In June 1930 Congress passed the Smoot-Hawley Tariff. Although intended to help the faltering economy, it had the effect of worsening and extending the Great Depression for another 10 years. You can look at the linked article for the details, but in general it had a couple of effects, both of which hurt the American economy. First, it made imports more expensive, an effective price increase for American’s. Second, retaliatory tariffs in other countries, triggered by Smoot-Hawley, dried up markets for American exports. In summary, it retarded the normal exchange of goods in the global economy.
The lesson of Smoot-Hawley does not relate only to tariffs. The results offer the broader lesson that interference, of any kind, with international trade hurts the American economy. The Fed Chairman, Ben Bernanke, has focused so much on trying to mitigate deflation and unemployment through Fed monetary activities (a questionable strategy) that he has failed to consider the broader lesson of the Smoot-Hawley Tariff.
The entire chain of causality would take more time to follow that I have for this memo, but, in summary, the U. S. monetary policy interferes with trade across national borders. The interference will like Smoot-Hawley will have detrimental effects in America. Describing a few of the links in this chain of potential disaster should highlight the problem.
The falling value of the dollar in exchange for foreign currencies acts as an impediment to imports, which, like tariffs, raises relative prices in America (an effective reduction of real wages). In reaction, other countries (e.g. China) expand their money supply driving higher the prices in China of products that we might export to China. Since these effects do not happen in all segments of the respective economies equally, it tends to stifle trade for the goods that would have the strongest exchange markets. Although not quite as specific as tariffs, exporting inflation has much the same effect.

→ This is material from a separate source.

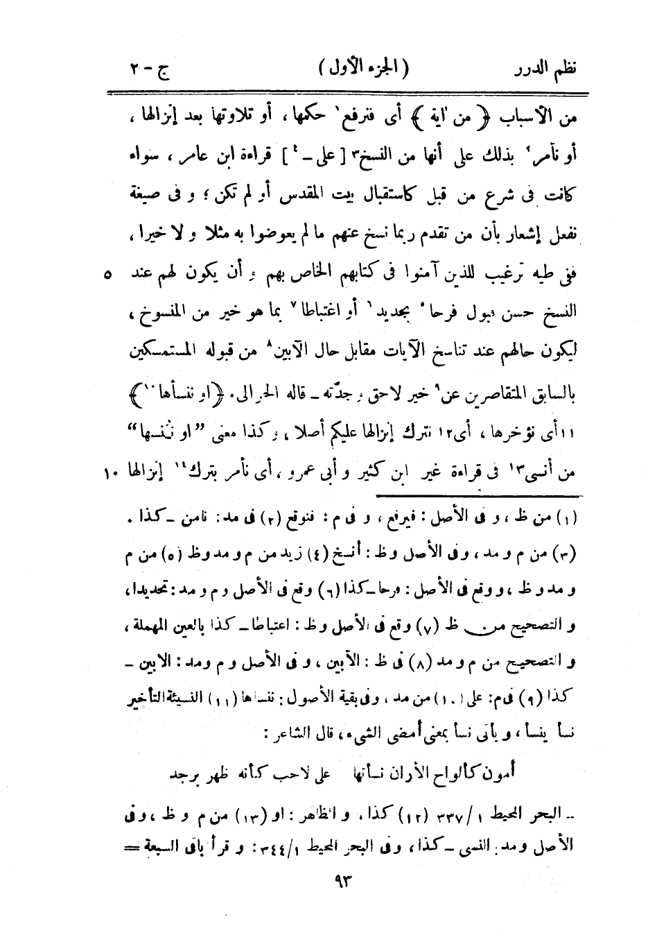 من الأسباب {من آية} أي فنرفع حكمها، أو تلاوتها بعد إنزالها، أو نأمر بذلك على أنها من النسخ على قراءة ابن عامر، سواء كانت في شرع من قبل كاستقبال بيت المقدس أو لم تكن؛ وفي صيغة نفعل إشعار بأن من تقدم ربما نسخ عنهم ما لم يعوضوا به مثلاً ولا خيراً، ففي طيه ترغيب للذين آمنوا في كتابهم الخاص بهم وأن يكون لهم عند النسخ حسن قبول فرحاً بجديد أو اغتباطاً بما هو خير من المنسوخ، ليكون حالهم عند تناسخ الآيات مقابل حال الآبين من قبوله المستمسكين بالسابق المتقاصرين عن خير لاحق وجدِّته - قاله الحرالي: {أو ننسأها} أي نؤخرها، أي نترك إنزالها عليكم أصلاً، وكذا معنى {أو نُنسها} من أنسى في قراءة غير ابن كثير وأبي عمرو، أي نأمر بترك إنزالها

In addition to impeding trade across borders, when foreign countries inflate to defend their currencies it causes malinvestments in those countries. When those malinvestments, or bubbles, collapse, the American economy also suffers. So, even though fed actions in this country have failed to get banks to inflate our money supply, other countries, through their purchases of our government’s debt, pass the ill effects of Fed actions on to their economies.
I don’t predict an eminent return to recession. Fed policy, however, has set the stage. When you walk along the edge of a cliff, the odds of falling increase greatly.